## [Provided information]
== == ==
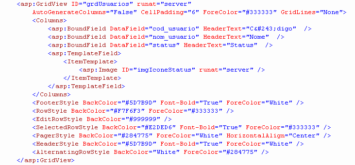 Como vocês podem perceber a única alteração realizada no GridView, foi a inserção de uma nova Coluna do Tipo TemplateField, Dentro dessa Coluna informamos qual o template a seguir dentro da Tag ItemTemplate.
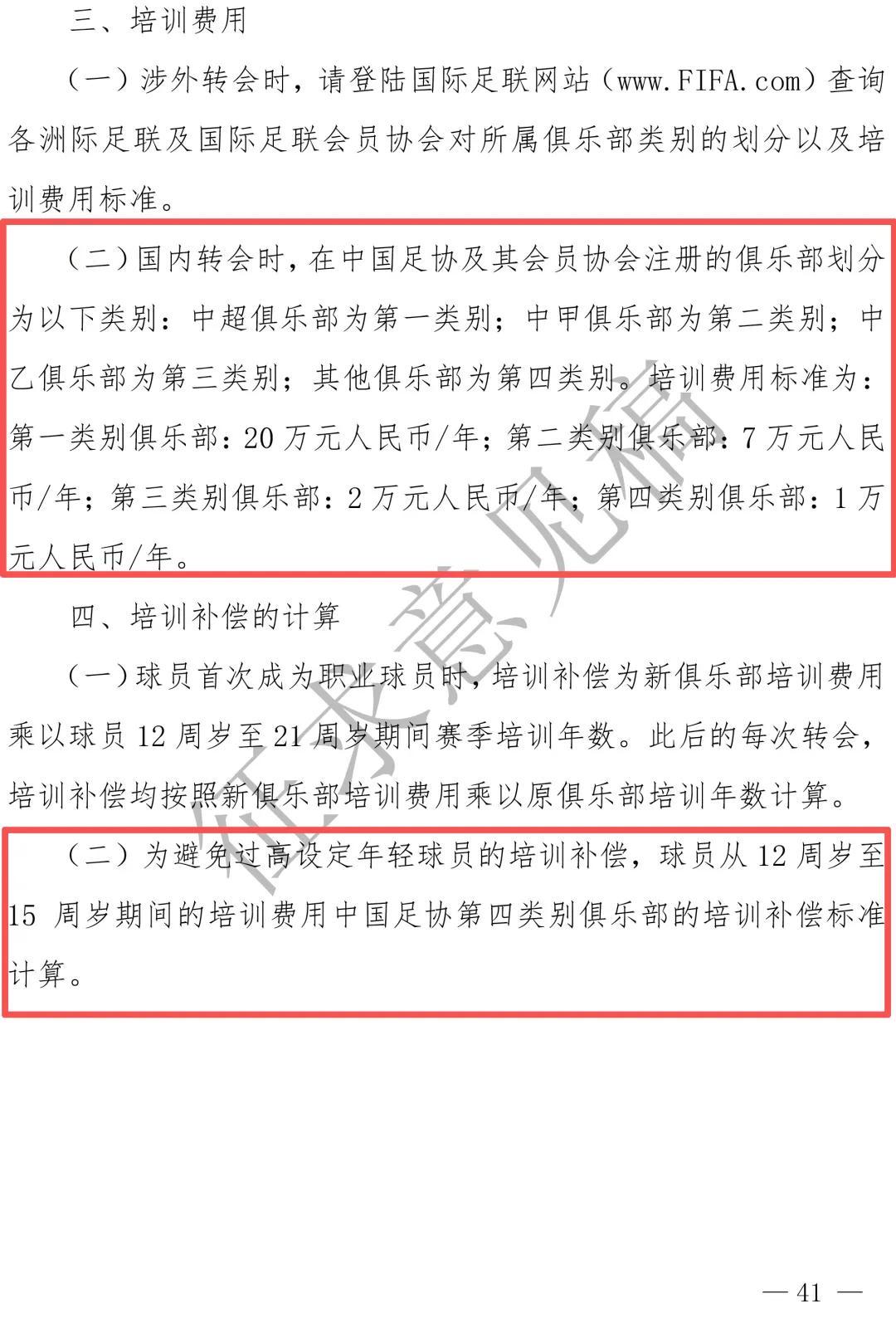 ▲全新的《球員身份及轉會管理規定(徵求意見稿)》沿用了2023年修改後的培訓補償標準
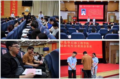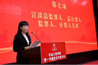 石油工程學院黨委組織員宋興淼向大會作籌備工作報告;學生工作辦公室主任史陽宣讀第一次研究生代表大會選舉辦法;博士研究生輔導員余靚豪宣讀總監(jiān)票人、總計票人、監(jiān)票人、計票人名單。
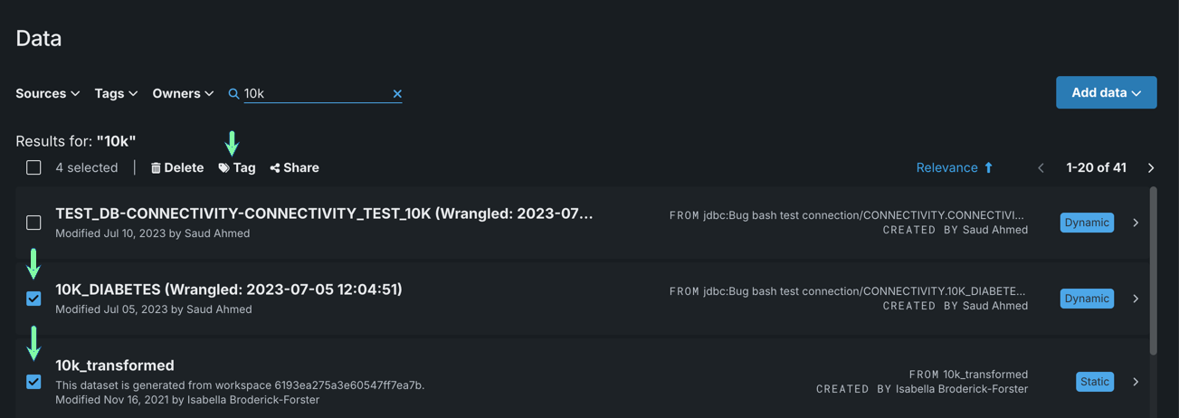 You can apply tags to one or more datasets in the Data Registry page. This is helpful to organize and find datasets in the future. You must have at least write access to the dataset to add a tag.
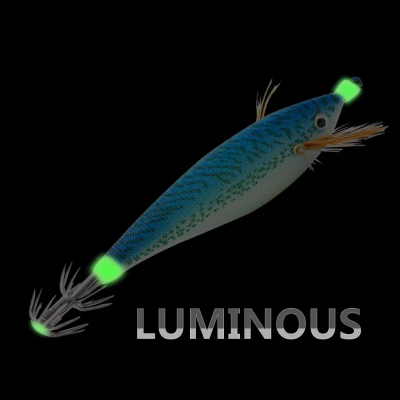 Anzuelo de calamar de camarón de madera luminosa 11cm 14,7G accesorios de Señuelos de Pesca artificiales ojos de cristal 3D cebo Luya sepia cebo duroColor: rojo, azul, verde
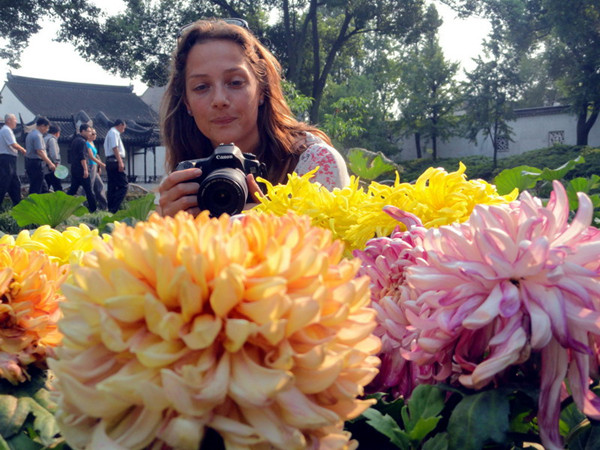 An expat visitor taking a picture of the chrysanthemums at Zhuozheng Garden, Suzhou, Jiangsu province, Sept 19, 2013. [Photo/Asianewsphoto.com]
== == ==
## [What needs to be done]
Every entry above should be printed again exactly, except for the pictures.

## [Solution for this problem]
 Como vocês podem perceber a única alteração realizada no GridView, foi a inserção de uma nova Coluna do Tipo TemplateField, Dentro dessa Coluna informamos qual o template a seguir dentro da Tag ItemTemplate.
 ▲全新的《球員身份及轉會管理規定(徵求意見稿)》沿用了2023年修改後的培訓補償標準
 石油工程學院黨委組織員宋興淼向大會作籌備工作報告;學生工作辦公室主任史陽宣讀第一次研究生代表大會選舉辦法;博士研究生輔導員余靚豪宣讀總監(jiān)票人、總計票人、監(jiān)票人、計票人名單。
 You can apply tags to one or more datasets in the Data Registry page. This is helpful to organize and find datasets in the future. You must have at least write access to the dataset to add a tag.
 Anzuelo de calamar de camarón de madera luminosa 11cm 14,7G accesorios de Señuelos de Pesca artificiales ojos de cristal 3D cebo Luya sepia cebo duroColor: rojo, azul, verde
 An expat visitor taking a picture of the chrysanthemums at Zhuozheng Garden, Suzhou, Jiangsu province, Sept 19, 2013. [Photo/Asianewsphoto.com]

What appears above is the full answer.